## WORK INSTRUCTIONS
For this exercise, repeat exactly the lines below starting at the line holding "保湿成分として、2種の植物オ" and ending at the line holding "Cotton Knitted Ottoman", both included, with no extra lines and no pictures.

═════ TASK INPUT ═════

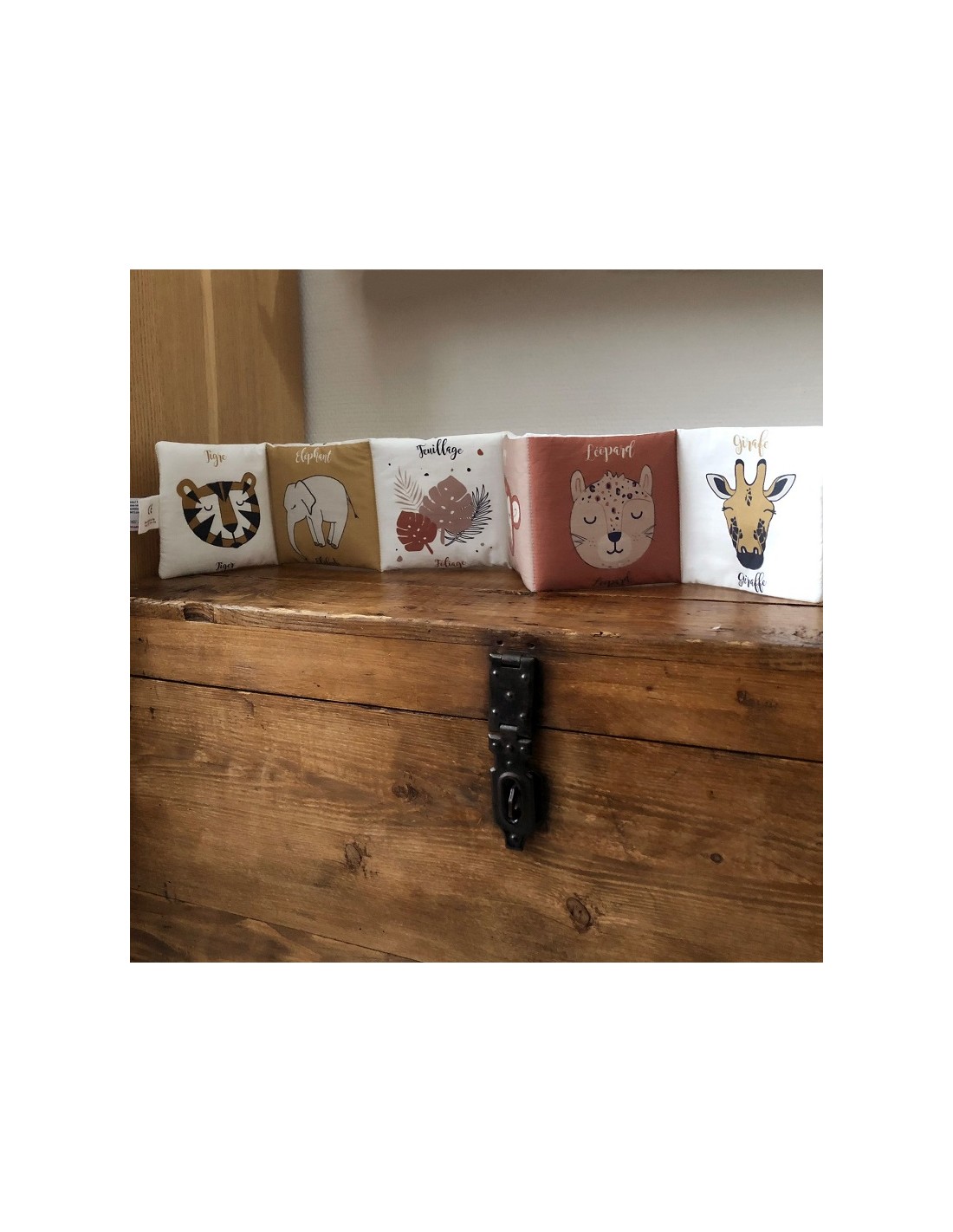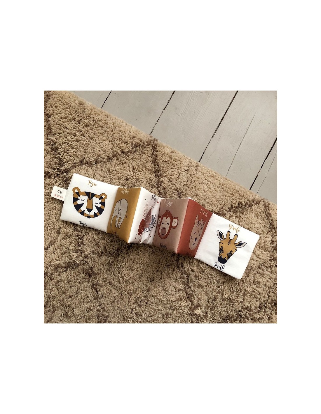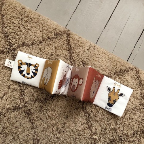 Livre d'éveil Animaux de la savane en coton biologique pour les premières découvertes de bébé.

═════
═════ TASK INPUT ═════

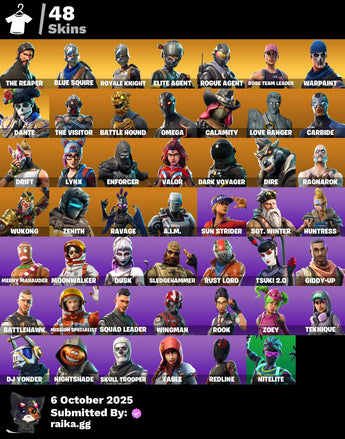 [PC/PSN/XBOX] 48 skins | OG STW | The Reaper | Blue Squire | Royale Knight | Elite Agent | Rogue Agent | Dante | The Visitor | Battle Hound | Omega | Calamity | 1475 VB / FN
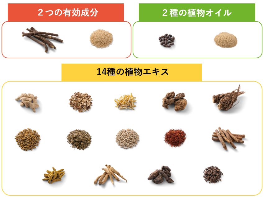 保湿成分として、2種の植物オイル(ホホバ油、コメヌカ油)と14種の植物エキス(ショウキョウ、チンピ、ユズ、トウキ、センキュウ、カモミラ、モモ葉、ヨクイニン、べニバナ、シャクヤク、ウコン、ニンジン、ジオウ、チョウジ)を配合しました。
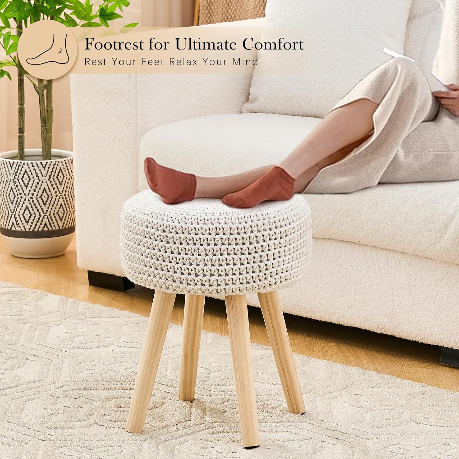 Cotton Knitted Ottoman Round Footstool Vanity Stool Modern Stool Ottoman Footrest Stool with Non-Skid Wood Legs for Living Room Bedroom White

═════

## RESPONSE BOX
 保湿成分として、2種の植物オイル(ホホバ油、コメヌカ油)と14種の植物エキス(ショウキョウ、チンピ、ユズ、トウキ、センキュウ、カモミラ、モモ葉、ヨクイニン、べニバナ、シャクヤク、ウコン、ニンジン、ジオウ、チョウジ)を配合しました。
 Cotton Knitted Ottoman Round Footstool Vanity Stool Modern Stool Ottoman Footrest Stool with Non-Skid Wood Legs for Living Room Bedroom White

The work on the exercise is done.